Conceptual bases of Intelligent Behaviour
The model is founded on the following axiom: a living organism is a dissipative structure far from equilibrium, bound to the Second Law of Thermodynamics.
Part of the entropy generated in the living organism can be dissipated in the environment. It is even possible for the entropy of the system to decrease without violating the Second Law. This allows the spontaneous formation of states of equilibrium of a system which has not reached its maximum entropy.
Complex systems, once some previous conditions are given (multiplicity, diversity, connectivity and autocatalysis) spontaneously tend to evolve towards higher levels of organization. At some point in this process, the system could be considered as a living organism.
Living organisms differ from inert systems in that they contain, as a fundamental part of their internal structure, "operational information" composed of instructions carried by their genes. These instructions constitute a program which allows the organism to react to its environment.
Living organisms with complex brains also contain a program which this "operational information" prints upon them. This program can modify itself in accordance with the interaction of the subject with its environment during his life time.
Intelligent behaviour is that which allows the genes carried by the subject, and consequently the subject itself, to survive. That is, it maintains them in equilibrium far from their state of maximum entropy.
Intelligent beings are able to make predictions or conjectures and can "travel forward in time" or "foresee". This capacity allows them to act in a way that diminishes their own entropy and that of their vital surroundings, with the result of increasing the entropy outside its system in greater proportion. From this perspective, it could be said that the principal aim of intelligent behaviour is to "slow down time".
Creative intelligence: Integration of intelligent knowledge and behavior
We call creative intelligence or simply intelligence, that which integrates intelligent knowledge and intelligent behavior.
Intelligent knowledge
- Evaluates the intelligibility of the systems it attempts to analyze.

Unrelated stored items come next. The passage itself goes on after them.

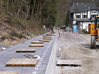 Das neue Betonpflaster breitet sich auf dem Müngstener Brückenweg immer weiter aus. Nur zur Erinnerung: Am Pfingstsonntag, den 4. Juni 2006, startet hier der I. Brückenzauber 2006.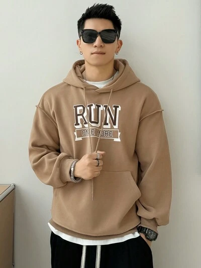 Felpa con cappuccio da uomo con stampa a lettere, spalle a caduta e coulisse, abbigliamento autunnale-60%
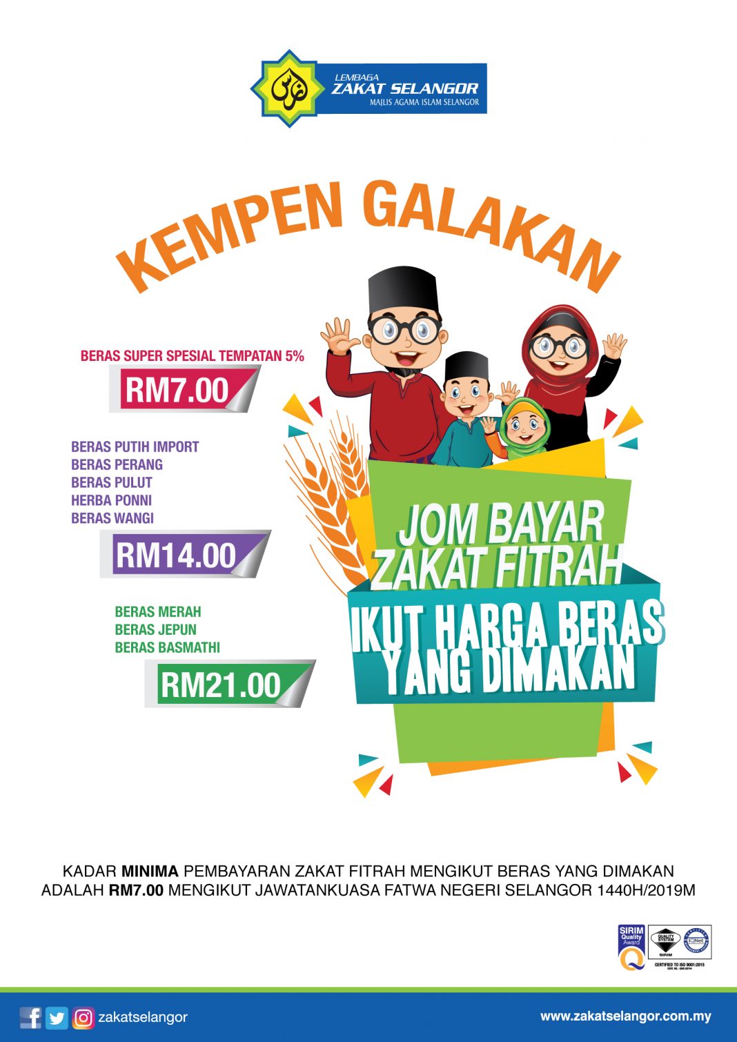 Bayaran Zakat Fitrah Mengikut Harga Beras Dimakan Lembaga Zakat Selangor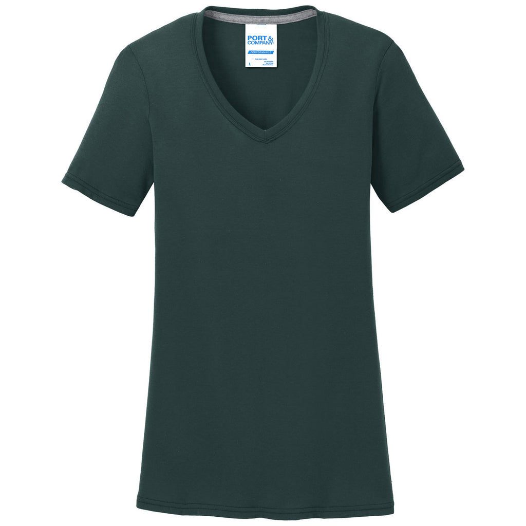 Port & Company Women's Dark Green Performance Blend V-Neck TeeCorresponding Men's Style: Port & Company Men's Dark Green Performance Blend Tee

- Discards the analysis of those systems with intelligibilities which are incompatible with the calculative, temporal and algorithmic capacity available to the subject.
- Predicts, for the selected systems, future events using patterns borne out of experience.
- Evaluates the certainty of the realized predictions by constructing a dynamic memory structure with intelligent knowledge.
- This dynamic memory structure permits it to learn intelligent knowledge. In this manner, it can improve the efficiency of future predictions.
Intelligent behavior
- Determines actions, for each system analyzed, which modify the future events predicted by intelligent knowledge.
- Discards those actions which are beyond the reach or possibilities of the subject.
- Chooses, among the selected actions, those which minimize the increase of entropy in each system and, when appropriate, maximize its reduction.
- Evaluates its success in choosing actions by constructing a dynamic memory structure with intelligent behavior.
- This dynamic memory structure permits it to learn intelligent behavior. In this manner, it can improve the efficiency in choosing future actions.